Could you return all of the records exactly, minus their images?

====== Source material

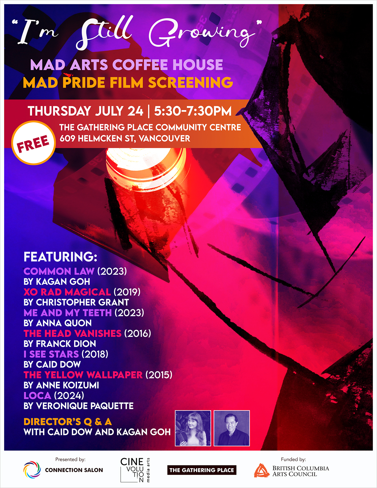 | MAD PRIDE FILM SCREENING --- July 24, 2025 Featuring: Common Law (2023) by Kagan Goh, XO Rad Magical (2019) by Christopher Grant, Me and My Teeth (2023) by Anna Quon, The Head Vanishes (2016) by Franck Dion, I see stars (2018) by Caid Dow, The Yellow Wallpaper (2015) by Anne Koizumi, Loca (2024) by Veronique Paquette ~ Director’s Q & A with Caid Dow and Kagan Goh » VIEW POSTER | ||
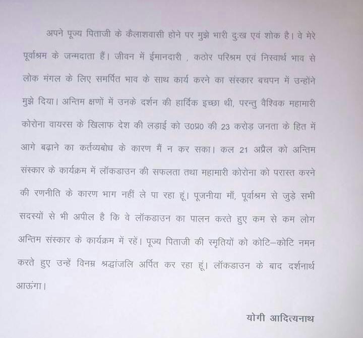 अंतिम क्षणों में पिताजी के दर्शन की हार्दिक इच्छा थी, परंतु वैश्विक महामारी कोरोना वायरस के खिलाफ देश की लड़ाई को उत्तर प्रदेश की 23 करोड़ जनता के हित में आगे बढ़ाने के कर्तव्यबोध के कारण मैं दर्शन न कर सका।
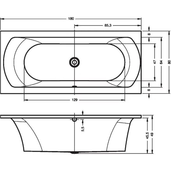 Акриловая ванна RIHO Lima 180x80 изготовлена из высококачественного листа акрила белого цвета, полностью армирована.
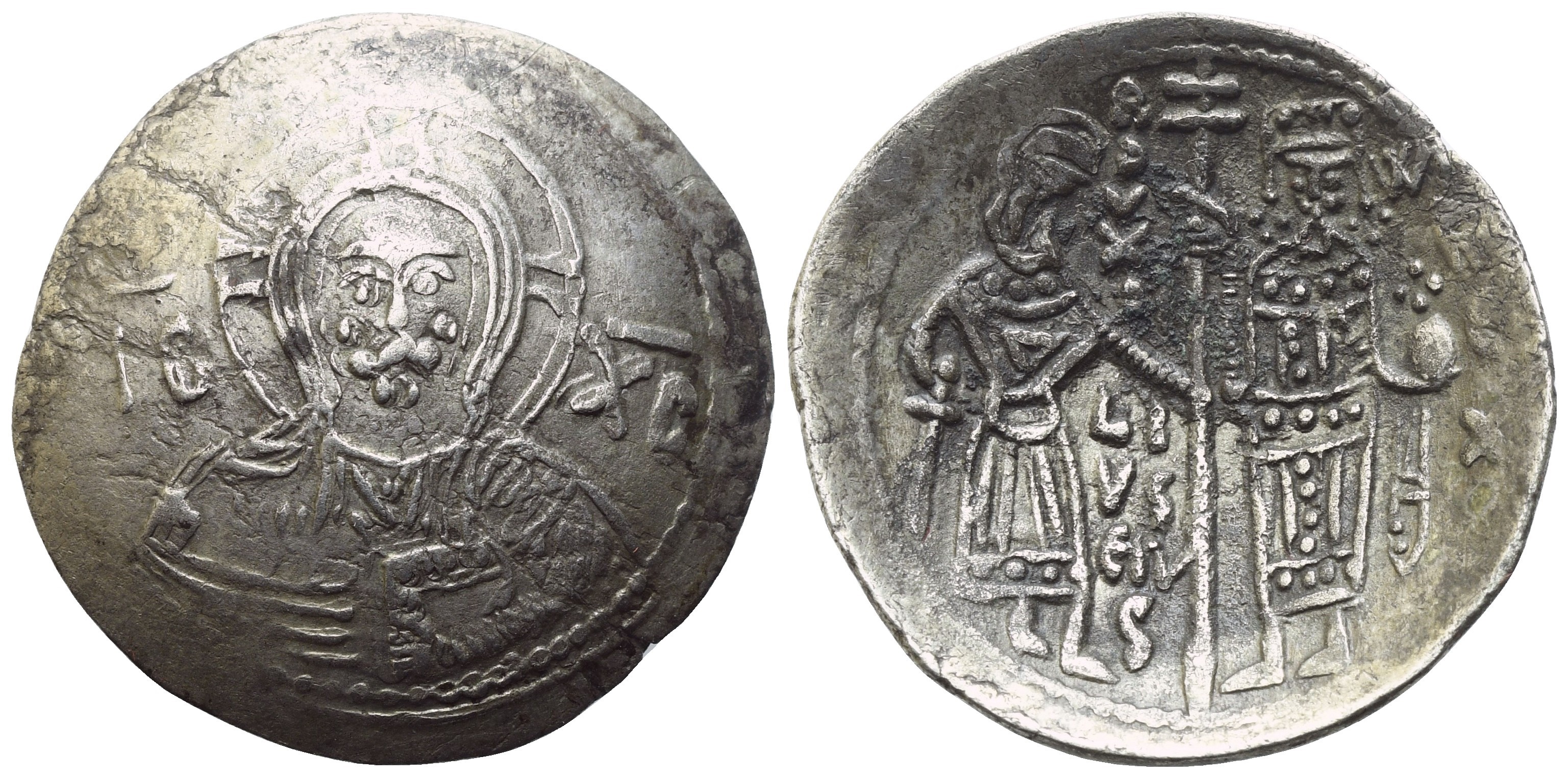 Busto frontale del Redentore con Vangelo. Rv. Guglielmo, coronato, stante con globo crucigero; accanto a lui, il figlio Ruggero che regge una lunga croce. MIR 435; Spahr 94-95. Bella patina riposata, qSPL
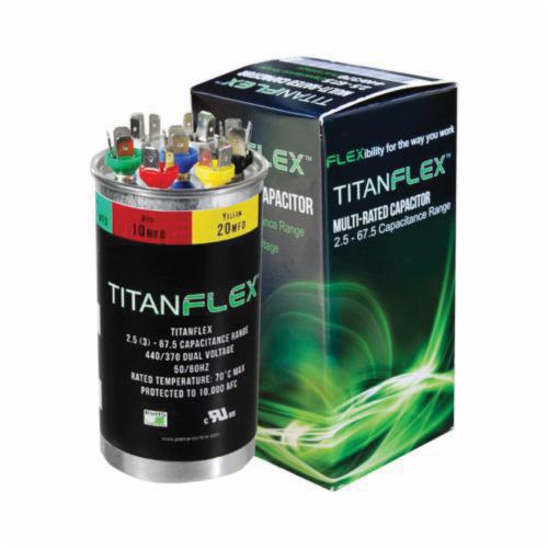 Packard TitanFlex® Universal Multi-Rated Motor Run Capacitor, 440/370 VAC, 2.5 - 67.5 mfd, 2.6 Inch Dia x 4.8 Inch H
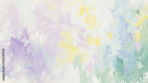 Swirls of soft pastel colors blend together to create an abstract piece, evoking a feeling of tranquility and calmness with hints of yellow, purple, and green throughout

============

- [Task output]:
 | MAD PRIDE FILM SCREENING --- July 24, 2025 Featuring: Common Law (2023) by Kagan Goh, XO Rad Magical (2019) by Christopher Grant, Me and My Teeth (2023) by Anna Quon, The Head Vanishes (2016) by Franck Dion, I see stars (2018) by Caid Dow, The Yellow Wallpaper (2015) by Anne Koizumi, Loca (2024) by Veronique Paquette ~ Director’s Q & A with Caid Dow and Kagan Goh » VIEW POSTER | ||
 अंतिम क्षणों में पिताजी के दर्शन की हार्दिक इच्छा थी, परंतु वैश्विक महामारी कोरोना वायरस के खिलाफ देश की लड़ाई को उत्तर प्रदेश की 23 करोड़ जनता के हित में आगे बढ़ाने के कर्तव्यबोध के कारण मैं दर्शन न कर सका।
 Акриловая ванна RIHO Lima 180x80 изготовлена из высококачественного листа акрила белого цвета, полностью армирована.
 Busto frontale del Redentore con Vangelo. Rv. Guglielmo, coronato, stante con globo crucigero; accanto a lui, il figlio Ruggero che regge una lunga croce. MIR 435; Spahr 94-95. Bella patina riposata, qSPL
 Packard TitanFlex® Universal Multi-Rated Motor Run Capacitor, 440/370 VAC, 2.5 - 67.5 mfd, 2.6 Inch Dia x 4.8 Inch H
 Swirls of soft pastel colors blend together to create an abstract piece, evoking a feeling of tranquility and calmness with hints of yellow, purple, and green throughout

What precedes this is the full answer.